Caution: Mosquito borne diseases still a global threat for travelers

Mosquito borne diseases, specifically malaria, dengue, yellow fever, zika, and chikungunya have resulted in millions of hospital admissions and deaths every year. It is extremely important to take the necessary precautions to avoid bites, especially when traveling to affected regions. 
For most mosquito borne diseases, there are no known cures (with the exception of malaria), therefore, the best way to protect yourself when traveling is to avoid bites all together.

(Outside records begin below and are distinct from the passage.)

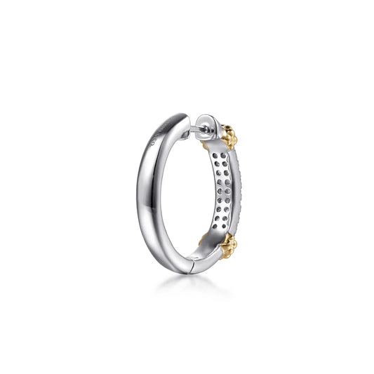 Gabriel & Co., 14K Yellow Gold and 925 Sterling Silver Bujukan White Sapphire Hoops
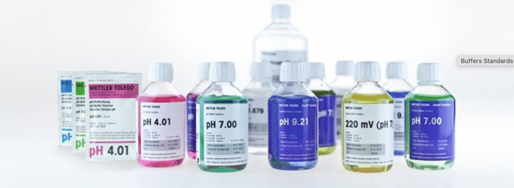 Ofrecemos una completa línea de buffers y estándares certificados diseñados para garantizar la calibración precisa y confiable de instrumentos de medición en laboratorio e industria.
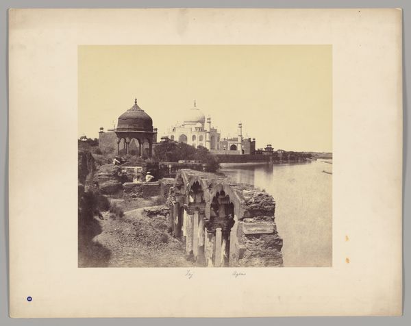 Editor: So here we have John Murray's "Taj Mahal from the East," an albumen print dating from about 1858 to 1862. What strikes me is the contrast. You have this stunning, iconic monument, but it's framed by what looks like ruins, or perhaps just very unkempt landscaping. How do you interpret this work? Curator: The ruins framing the Taj are important. This albumen print, with its specific chemical processes and the labor involved in its creation, gives us a window into colonial-era India. Note the material reality of the scene – the decaying structures versus the pristine mausoleum. Editor: Are you suggesting it is intentional, contrasting the idealized with the actual? Curator: Precisely. The photograph becomes an object laden with cultural baggage. Think about the consumption of such images by a Western audience. What desires are being catered to through this staged view? Is it really about representing the Mughal achievement, or more about highlighting a certain perspective on British authority and Indian "decay"? Editor: So it's not just a pretty picture, but a statement about power dynamics encoded in material form? Curator: Absolutely. Even the choice of photographic materials speaks to the era’s technological advancements and the accessibility, or lack thereof, for local Indian artists at the time. Who owned the means of production here? Who was able to control the narrative and the means for its dissemination? Editor: That's fascinating. I had just assumed it was a simple landscape shot. Curator: It pushes us to examine photography not just as a record, but as a crafted object embedded within its social and economic context. The Taj is eternal, but the method, material, and labor involved reveal far more than just the building itself. Editor: I'll definitely think about photographs differently from now on.

This can be done several ways:
  • Wearing long sleeved shirts and pants 
  • Choosing a hotel (or any place to stay) that has air conditioning, or screens on the windows and doors. 
  • Sleeping under a mosquito net, especially if your lodging does not have proper screening. 
  • Covering yourself with insect repellant, even your clothes (as mosquitos can often bite through them)


Close to 40% of the world’s population lives in regions threatened by malaria, more precisely about 3.2 billion people. Malaria has an incubation period of 7-30 days, meaning symptoms won’t be observed directly after a bite. 
Symptoms: Chills, fever, sweats, headaches, nausea and vomiting, body aches, weakness, enlarged spleen, increased respiratory rate, enlargement of liver. 
Malaria can also be complicated by organ failures or abnormalities in the victim’s metabolism or blood, in which case the symptoms can be much more severe and life threatening. 
Treatment: varies depending on the type of mosquito involved, the clinical status of the victim, and where in the world the disease was contracted. 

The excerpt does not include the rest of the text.